= Tison Pugh =

Literary scholar

Tison Pugh is a literary scholar. He has been a professor of English at the University of Central Florida (UCF) since 2006. Before coming to UCF, Pugh was a lecturer at the University of California, Irvine, in the 2000–2001 academic year.

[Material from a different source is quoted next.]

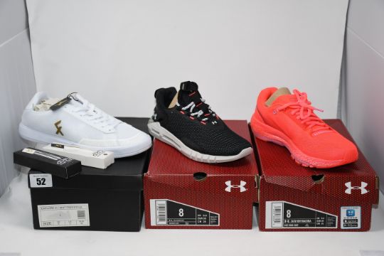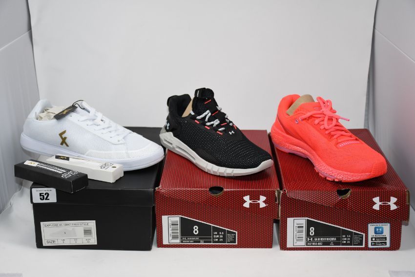 One as new Under Armour Women's UA HOVR STRT Sportstyle black Shoes size 8. One as new Under Armour Women's UA HOVR Machina red Running Shoes size 8. One as new 4Freestyle Explore III Freestyle and Street football shoes White size 8.
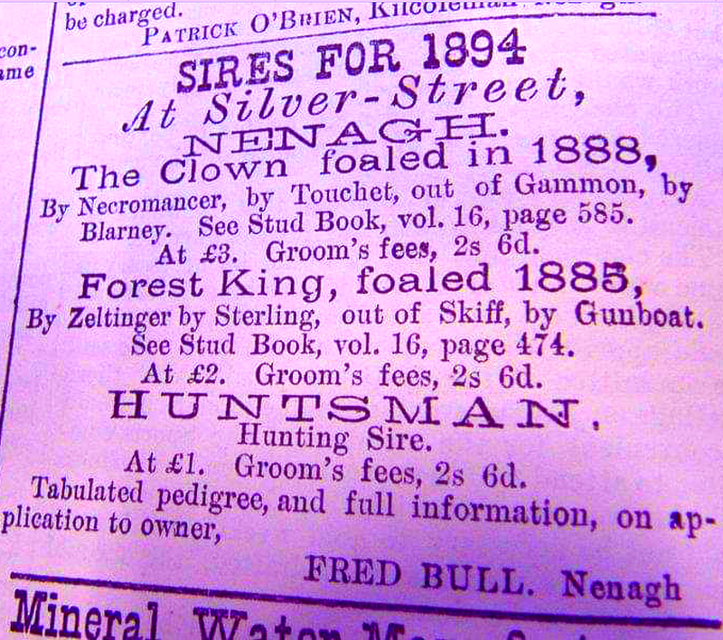 It was around this area that the Gateway and main thoroughfare into Nenagh through the old town walls was to be found - Thomond Gate giving rise to Thomond Lane aka Bournes Lane. Bournes Lane was named after Captain Richard Bourne who owned the nearby Coach office and stables. The Bourne family won the first Coach / Mail contract between Limerick and Dublin in 1791

In 2019, Pugh was named a Pegasus Professor at UCF, which the university describes as its "highest academic award".

== Publications ==
- Queering Medieval Genres (2004)
- Sexuality and Its Queer Discontents in Middle English Literature (2008)
- Innocence, Heterosexuality, and the Queerness of Children's Literature (2011)
- An Introduction to Geoffrey Chaucer (2013)
- Chaucer's (Anti-) Eroticisms and the Queer Middle Ages (2014)
- Precious Perversions: Humor, Homosexuality, and the Southern Literary Canon (2016)
- Jews in Medieval England: Teaching Representations of the Other (edited with Miriamne Krummel, 2017)
- Harry Potter and Beyond: On J. K. Rowling’s Fantasies and Other Fictions (2020)
- Understanding Agatha Christie (2021)
- Will & Grace (2023) TV Milestones series
- Queer Oz: L. Frank Baum's Trans Tales and Other Astounding Adventures in Sex and Gender (2023)
- Bad Chaucer: The Great Poet's Greatest Mistakes (2024)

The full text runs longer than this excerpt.